I rifugiati congolesi sono fuggiti nella Repubblica del Congo dall’inizio di novembre: recentemente altri 17mila hanno attraversato il confine con la Repubblica Centrafricana, dove si stima che il 60% dei rifugiati siano bambini, molti dei quali fuggiti dagli orfanotrofi. "E’ urgentissimo allestire campi per i rifugiati sia nella Repubblica Centrafricana che nella Repubblica del Congo, poiché la maggior parte dei rifugiati sta attualmente occupando edifici e spazi pubblici" - afferma il portavoce dell'Unhcr.
"Il massiccio flusso di rifugiati sta mettendo a dura prova le già scarse risorse di questa regione povera e questo potrebbe causare tensioni con la comunità locale" - segnalava in un comunicato dello scorso dicembre l'Unhcr.
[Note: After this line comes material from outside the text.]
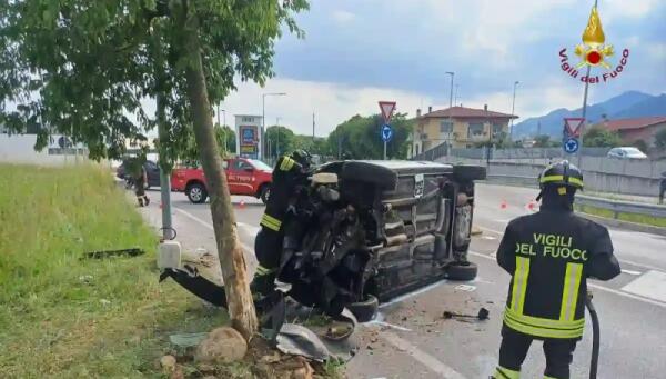 Violento scontro tra un'auto e una bici, il veicolo si ribalta dopo l'impatto: due persone ferite

Nella Repubblica Centrafricana, a Mogoumba, il rapporto tra rifugiati e locali è di 200 a 1, mentre nella regione di Likouala, nella Repubblica del Congo settentrionale, la popolazione è raddoppiata con l’arrivo di 107mila rifugiati. Anche se è stato individuato un terreno che dovrà ospitare 4mila rifugiati nella Repubblica del Congo, servono altri spazi per allestire nuovi campi e sono in corso colloqui con i governi dei due Paesi. Nel frattempo l'Unhcr ha inviato il suo staff per le emergenze a dare supporto alle comunità di rifugiati sparse su tutto il territorio di questa regione.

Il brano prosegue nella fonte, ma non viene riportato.